In those moments, Beth reminds herself that neither she nor anyone else is responsible for what happened, she says, not even Stuart. “When somebody takes their life, they’re in an altered state of consciousness,” she says.

In November 2009, the Eikens started the Stuart B. Eiken Foundation “to promote awareness for the prevention of teenage suicide and to assist teens with the overall health of their body, mind and heart,” says the organization’s website, www.stu22crew.org. The foundation hosts an annual 5K run/walk, as well as a tournament with Stuart’s childhood football club, the Columbia Youth Football league. Brad, Beth and Maribeth are all active in the foundation’s events.

In September 2010, almost a year after Stuart’s death, Beth established the Boone County Suicide Prevention Coalition, which officially launched in January 2011. The coalition, funded in part by funds raised through the Stuart B. Eiken Foundation, aims to educate the community about mental illness and suicide.

A Public Face

Like Beth and Brad, Stuart’s friends were blindsided by his suicide. They remember their friend as a (respectful) class clown, sometimes jittery, a little goofy and always laid-back. They remember Maribeth’s big brother, who took his sibling duties very seriously, especially when Brad and Beth’s marriage began to unravel. They remember a guy who laughed so hard during a late-night Wendy’s run that his head hit the horn, causing him to laugh even harder. They remember seeing his “pasty white butt” almost as many times as his perpetually big smile.

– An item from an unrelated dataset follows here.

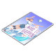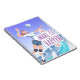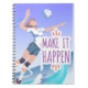 This notebook cover design features an illustrated, cartoon-style female volleyball player in mid-action, performing a jump serve. The dynamic composition highlights movement and energy, with swirling motion lines and a gradient background transitioning from soft blue to purple. The volleyball and athlete's pose emphasize themes of sports, health, and dedication. A motivational phrase, "MAKE IT HAPPEN," is prominently displayed in bold purple text, surrounded by decorative elements in red and white.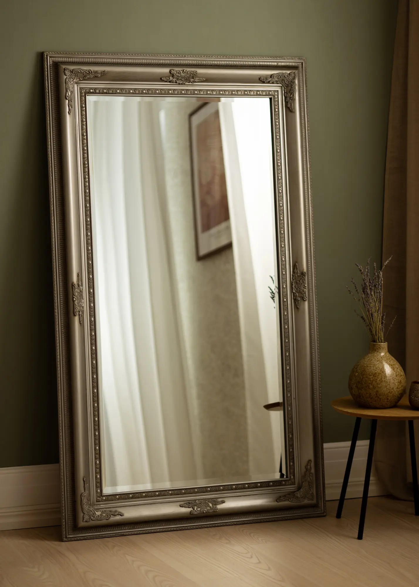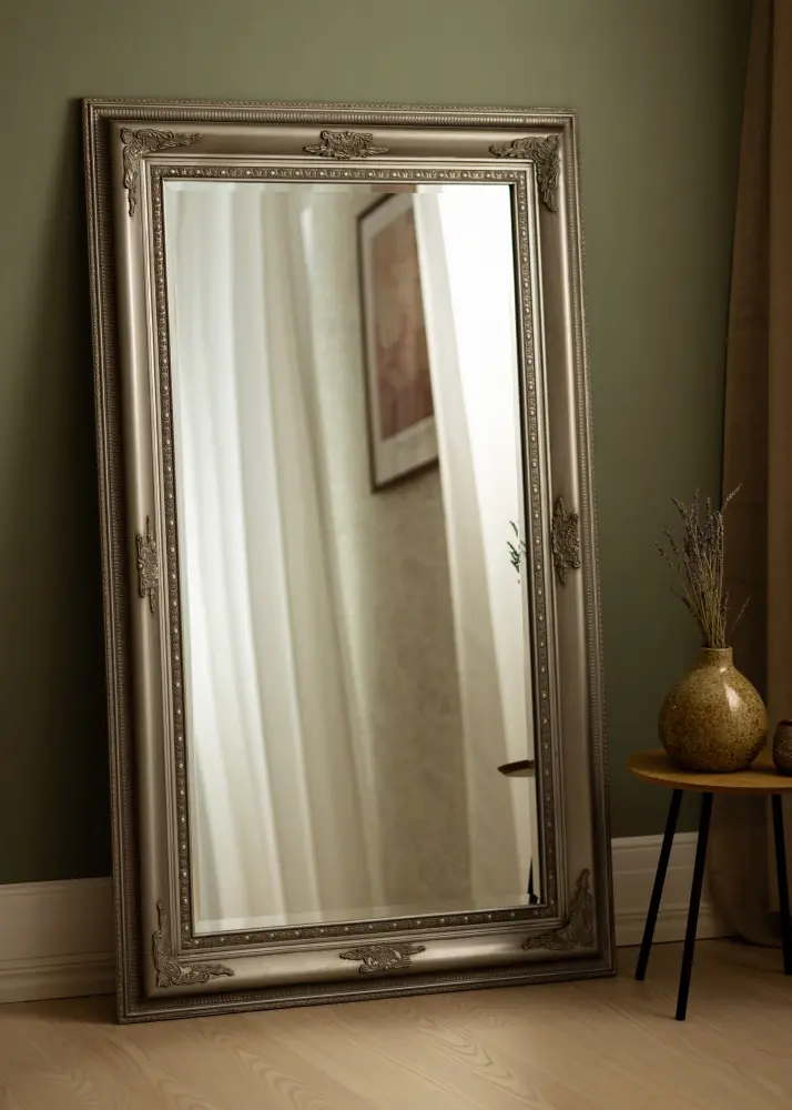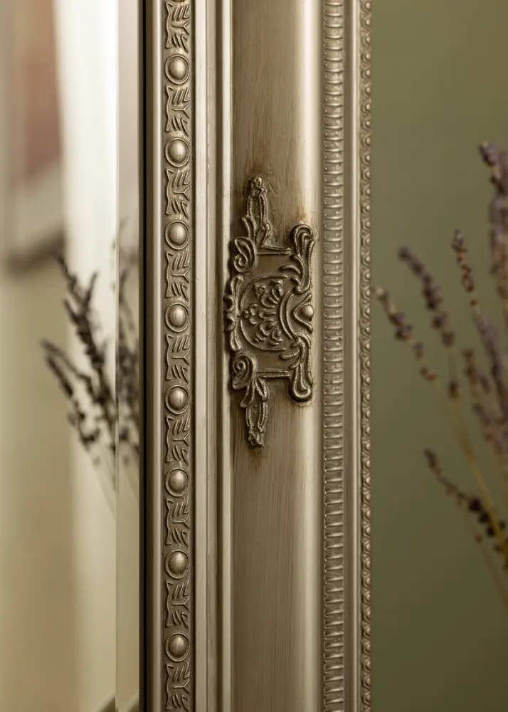Oglindă argintie într-un stil clasic cu un profil modelat și ornamente de flori în jurul ei. Senzația antică a oglinzii o face să se potrivească frumos într-un decor cu mobilier de epocă, dar devine, de asemenea, un contrast interesant într-o interior modern minimalist. Formatul face ca oglinda să arate bine atât în hol, cât și în dulapul mare sau pe un perete în dormitor unde hainele au un rol important în decor. Evidențiați oglinda cu accesorii decorative de argint în cameră.

To the outside world, Stuart Eiken was happy and popular, a star athlete who excelled at football, basketball and baseball. With his athletic build, brown eyes and light-brown hair, he could have been the poster boy for mid-Missouri. When it came to sports, the 5-foot-9, 170-pound teen “did damn near everything,” Brad says.

To his friends, he was the introducer.

“No matter where we went, he was the one person everybody knew. I don’t think I ever introduced Stuart to anybody,” says Matt Herman, who met Stuart in the third grade and grew up playing football with him. The two remained good friends despite attending different high schools.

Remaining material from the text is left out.